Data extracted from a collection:
######

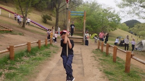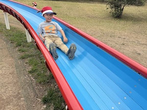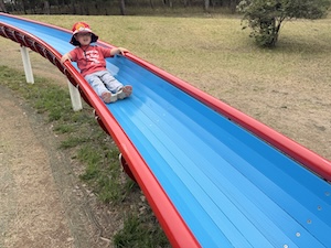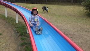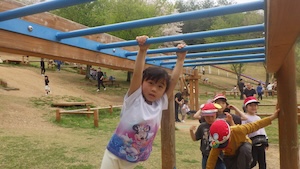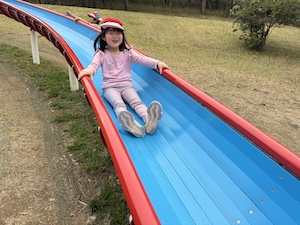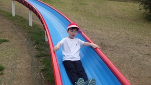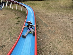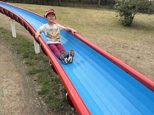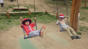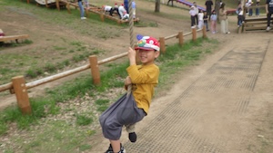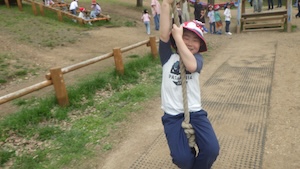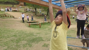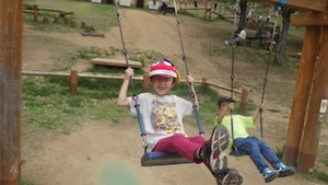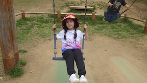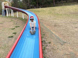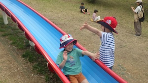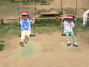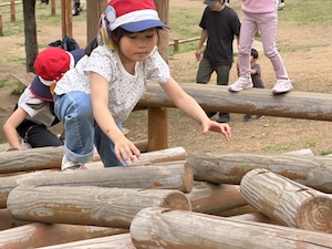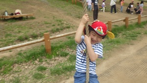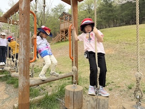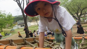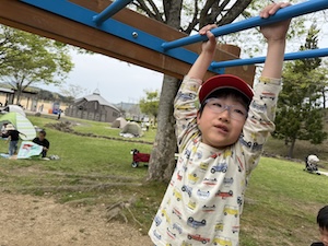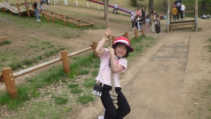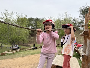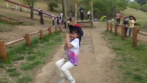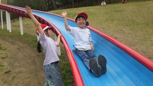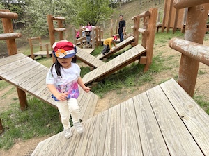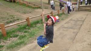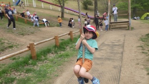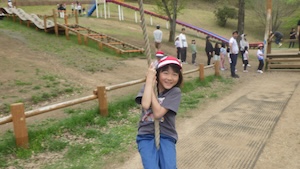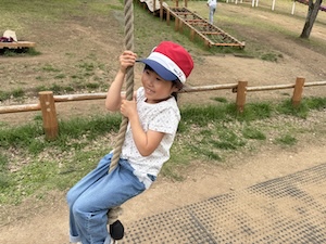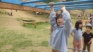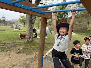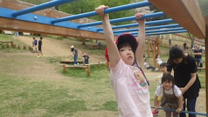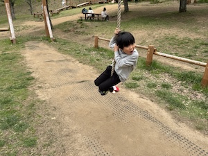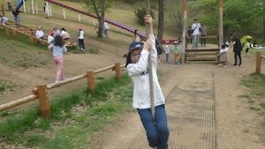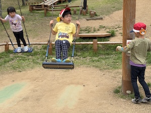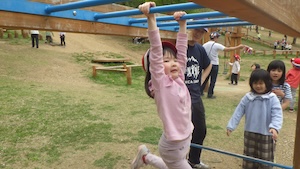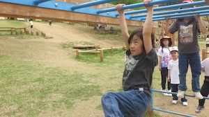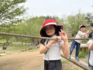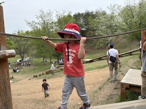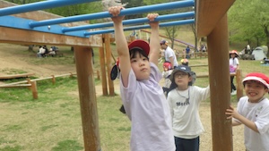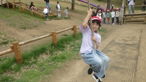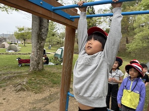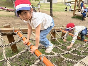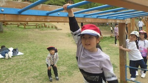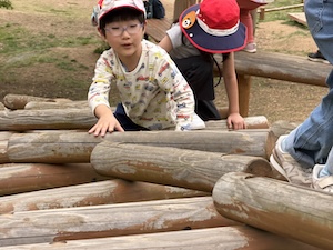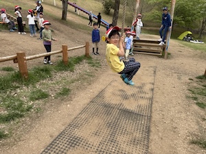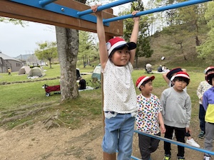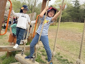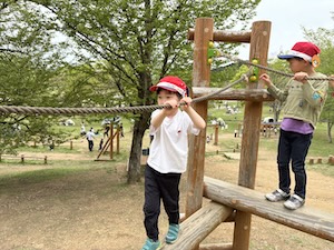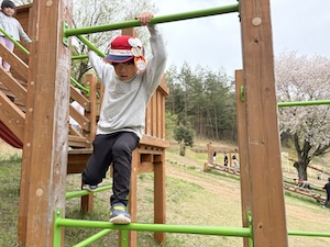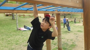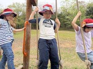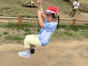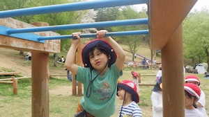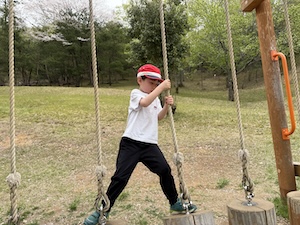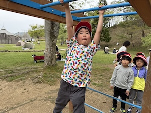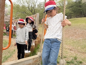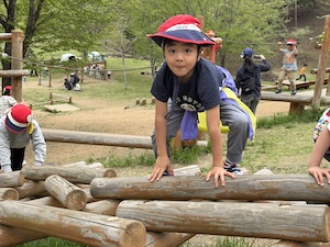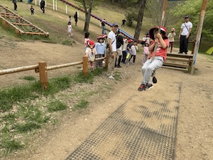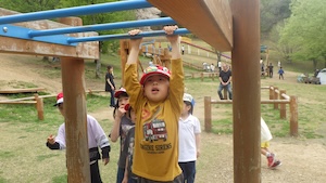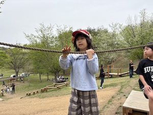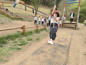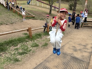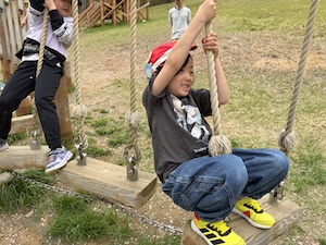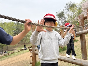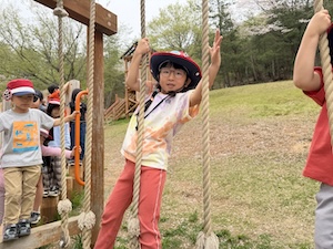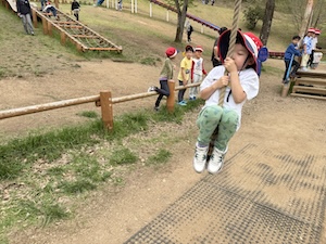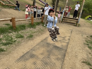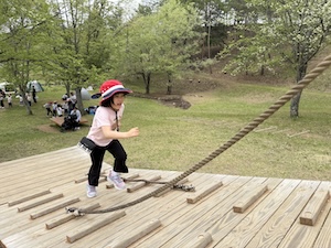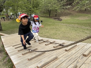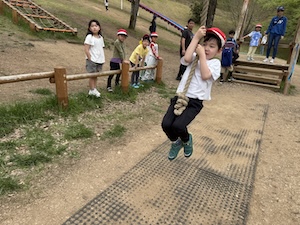 午後はお楽しみのアスレチックに挑戦です。ぶら下がったり、登ったり、滑ったりといろんなアスレチックで遊びました。
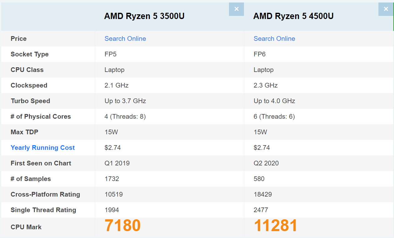 cpubenchmark에서 CPU 비교를 한 결과 라이젠 4500U가 3500U에 비해 약 55% 우세한 결과를 보여주었습니다. 아무래도 세대를 바뀌면서 공정 개선으로 인해 CPU의 싱글 코어당 성능을 크게 늘린 것으로 보이네요.
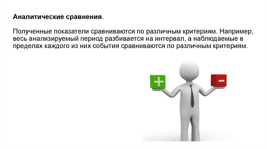 Аналитические сравнения.Полученные показатели сравниваются по различным критериям. Например,
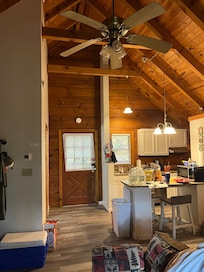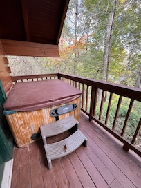 Cute cabin. The location and view were great! The cabin was not as clean as it could have been. There were cobwebs on the ceiling, even in the shower and the ceiling fan was so dusty, I was afraid to turn it on. There was insulation trapped in the floor vents which prevented us from opening three of them, as we didn’t want to breath in those particles. Having them closed made regulating the temperature more difficult. The floor felt sticky, which could have been due to a lack of rinsing well, but there was definitely a spill of some sort next to the bed on the sliding glass door side. The hot tub was mediocre. The jets were weak and the lights did not work. That made the nighttime experience less than great. Please tell me you drain it in between guests as there were particles floating on the water. We are hopeful it was just the treatment chemicals. The grill was very dirty and it is electric (I had expected charcoal from the description), a George Foreman. That was a bummer in itself but then the grill brush for cleaning it was shedding bristles (dangerous!) and the scraper end should not be used on that type of grill or the teflon coating comes off! Finally, a wall or even a privacy screen around the washer and dryer would preserve the aesthetic. It was odd having them in the living room.
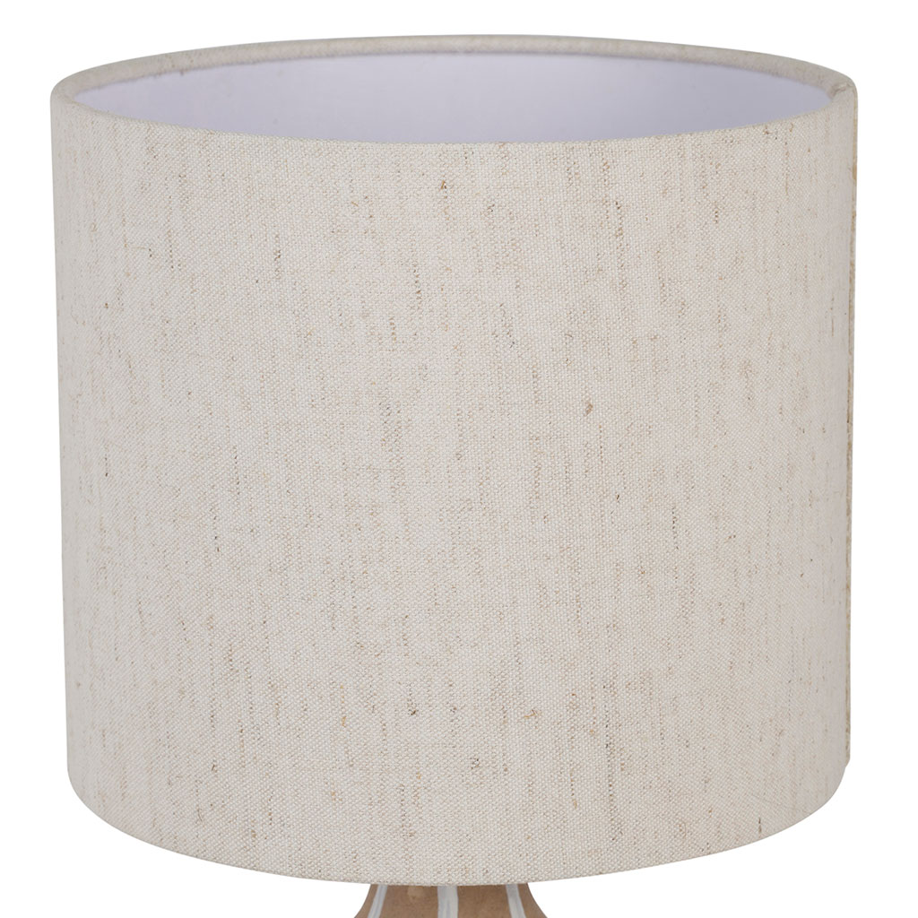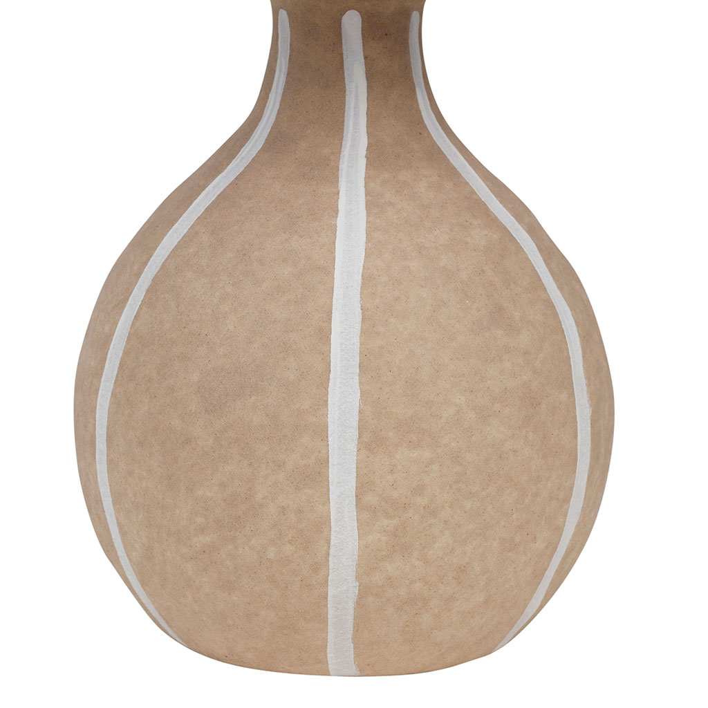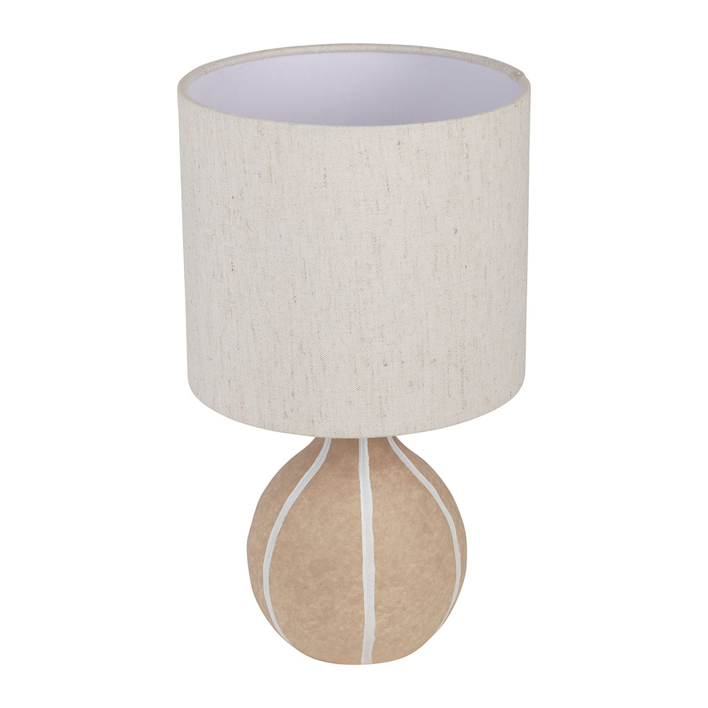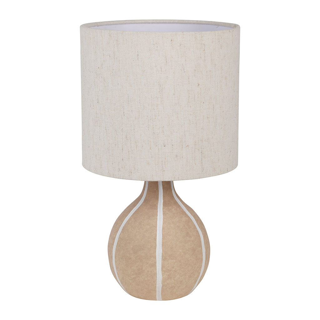 05 56 69 68 67-contact@fabriquedestyles.frLampe en lin et céramique rayée nude et écru h32cm E14 - Paese

######

The lines from the one containing "Cute cabin. The" through the last line of the records are what you should copy, word for word and nothing else, with pictures left out.

 Cute cabin. The location and view were great! The cabin was not as clean as it could have been. There were cobwebs on the ceiling, even in the shower and the ceiling fan was so dusty, I was afraid to turn it on. There was insulation trapped in the floor vents which prevented us from opening three of them, as we didn’t want to breath in those particles. Having them closed made regulating the temperature more difficult. The floor felt sticky, which could have been due to a lack of rinsing well, but there was definitely a spill of some sort next to the bed on the sliding glass door side. The hot tub was mediocre. The jets were weak and the lights did not work. That made the nighttime experience less than great. Please tell me you drain it in between guests as there were particles floating on the water. We are hopeful it was just the treatment chemicals. The grill was very dirty and it is electric (I had expected charcoal from the description), a George Foreman. That was a bummer in itself but then the grill brush for cleaning it was shedding bristles (dangerous!) and the scraper end should not be used on that type of grill or the teflon coating comes off! Finally, a wall or even a privacy screen around the washer and dryer would preserve the aesthetic. It was odd having them in the living room.
 05 56 69 68 67-contact@fabriquedestyles.frLampe en lin et céramique rayée nude et écru h32cm E14 - Paese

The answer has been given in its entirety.